Oddly, Chase does not offer personal loans to its customers -- even though it is one of the nation's largest banks.

Chase does offer a wide variety of other types of loans.

Find out which types of loans Chase does offer, as well as where you can look to find a personal loan.

Types of Loans Offered by Chase

As one of the biggest national bank chains, Chase handles many customer needs, including loans. Chase offers:

  • Mortgages
  • Home Equity Lines of Credit (HELOCs)
  • Car loans
  • Credit cards
  • Commercial lines of credit
  • Business equipment financing


Mortgages are loans that borrowers can use to purchase a home. Often, a mortgage is the largest loan that someone will ever take on.

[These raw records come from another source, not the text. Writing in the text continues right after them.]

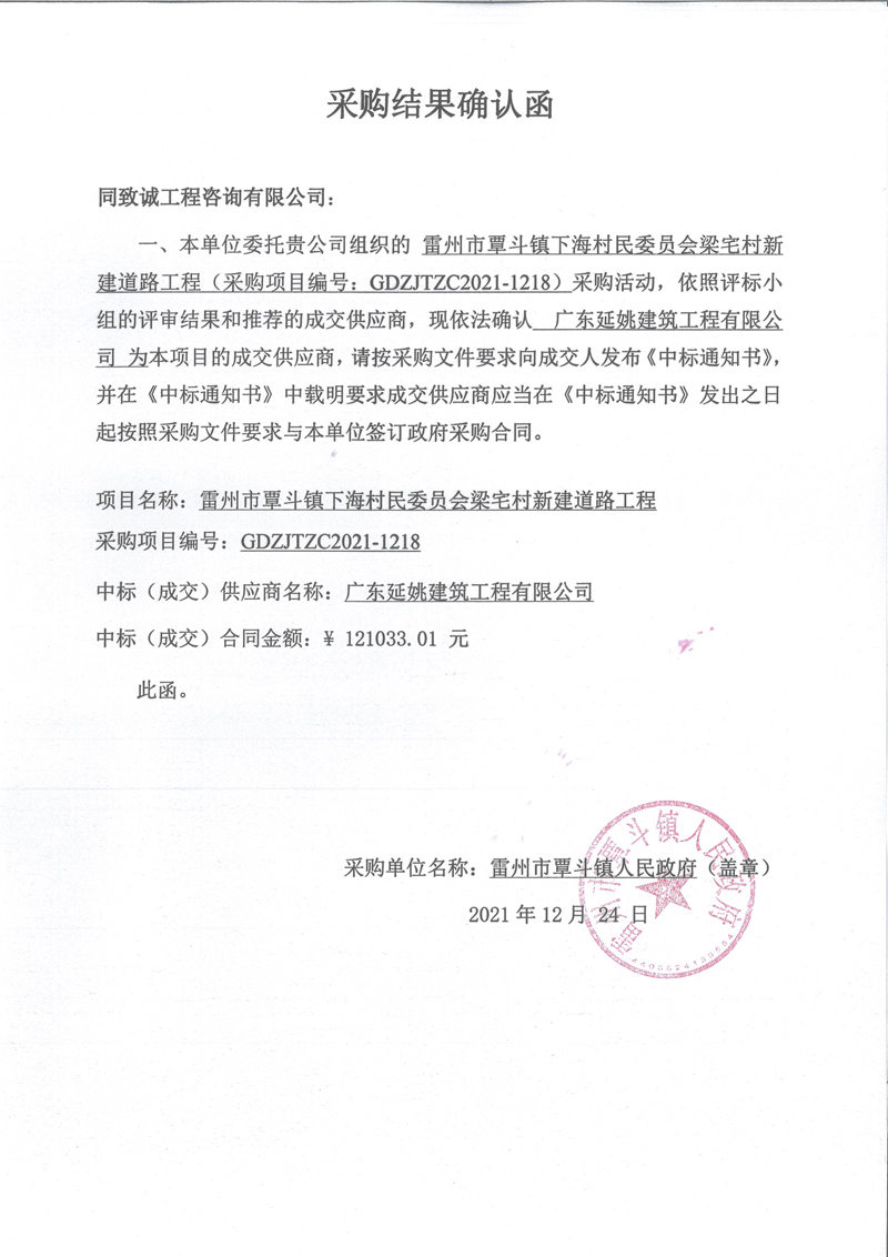雷州市覃斗镇下海村民委员会梁宅村新建道路工程 采购确认函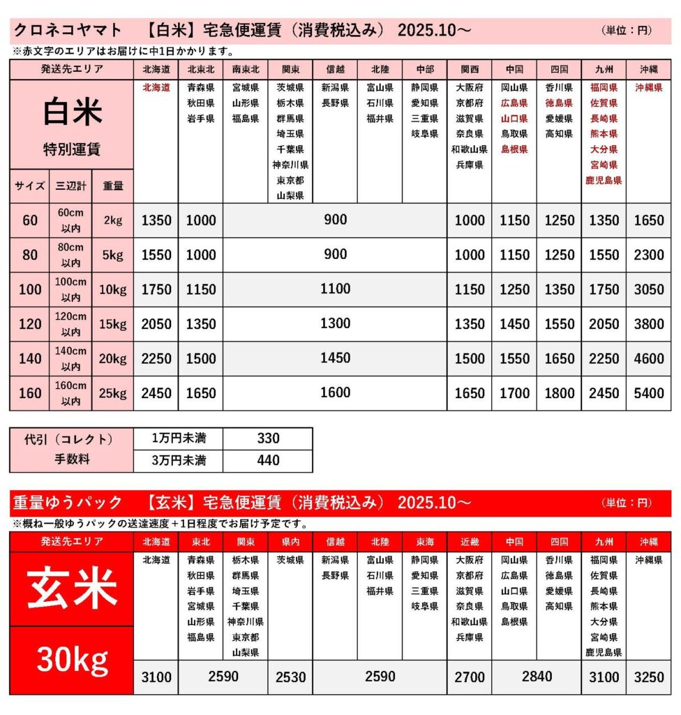 玄米→米袋のまま発送いたしますので箱代はかかりません。
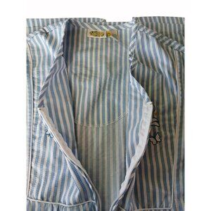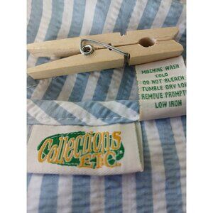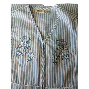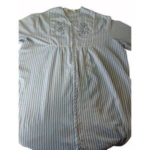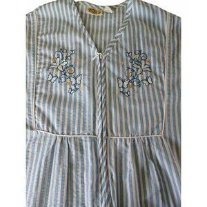Vintage Collections Blue White Striped Seersucker House Dress Robe Size XXXL 3Xl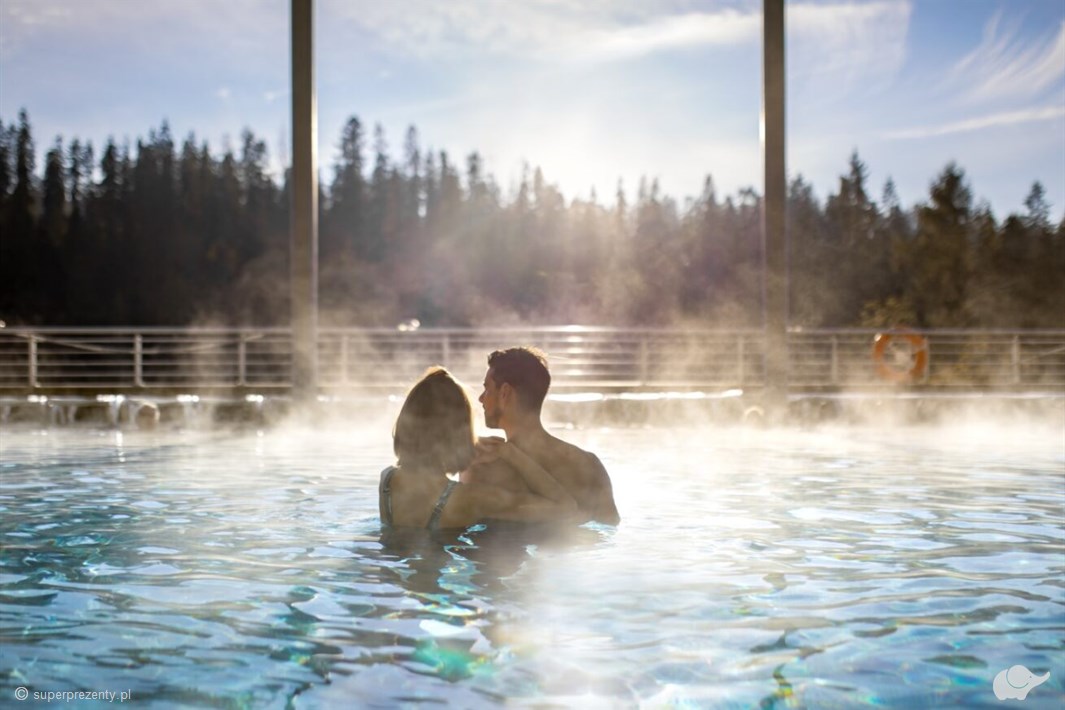 Woda, w której zanurzą się odbiorcy vouchera, ma ponad 10 000 lat. Ale to nie jedyny jej walor. Wydobywana z głębi i bogata w siarczany, sód i wapno jest prawdziwym eliksirem zdrowia i młodości! Zimą, gdy mróz szczypie policzki, a obdarowani zanurzą się w gorącym basenie o temperaturze do 38°C, patrząc na ośnieżony świerkowy las – uwolnienie poczują nie tylko mięśnie, ale i wyobraźnia! Relaks w termach dla dwojga to celebrowanie dzikiej przyrody Podhala w samym sercu Tatr w komfortowych warunkach!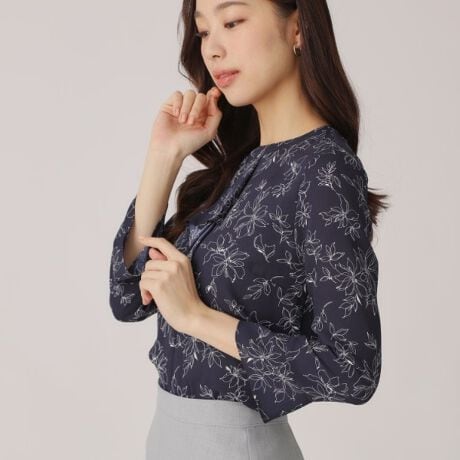 線タッチの繊細なフラワープリントのブラウス。

Depending on the cost of the house, mortgage loans can be made for hundreds of thousands or millions of dollars.

Chase offers two main types of mortgage available, fixed-rate mortgages, or adjustable rate mortgages (ARMs).

With a fixed rate mortgage, you have a set interest rate that you will pay over the course of the loan.

Most fixed-rate mortgages have either 15- or 30-year payback periods. Once you take the mortgage, your rate is set and will never change, unless you choose to refinance the loan.

With an adjustable rate mortgage, your interest rate is set for a certain period, but then can be adjusted each year.

ARMs are usually quoted as being a 5/1 ARM or a 3/1 ARM. The first number is how many years the initial rate is locked in for. The second number is how many years must pass between each rate change.

Home Equity Lines of Credit (HELOCs)

Home equity lines of Credit let you turn some of the home equity you’ve built up into a source of cash.

A HELOC functions much like a credit card, but instead of swiping a card at the grocery store, you withdraw cash from your this credit line.

Each month, you’ll incur an interest charge on whatever your balance. The good news is that interest rates on HELOCs are much lower than credit card rates, because your house serves as collateral for the loan.

You can use a HELOC to fund home improvements, consolidate other debts, or cover unexpected expenses.

Auto Loans

You can take out a car loan for the purchase of either a new or used car. Chase offers four-, five-, and six-year loans. The interest you’ll pay varies depending on the type of car, the amount of the loan, your credit, and the cost. Generally, loans for new cars have lower rates than loans for used vehicles.

Credit Cards

Credit cards are one of the most common types of loan available. When you go to make a purchase at the store, you can swipe your card instead of paying with cash. Each month, you can pay the balance in full, or make a lesser payment.

If you don’t pay the balance of a credit card in full each month, you’ll start to accrue interest. Interest on credit cards can be exceptionally high, exceeding 20%, so paying them off quickly is the best choice.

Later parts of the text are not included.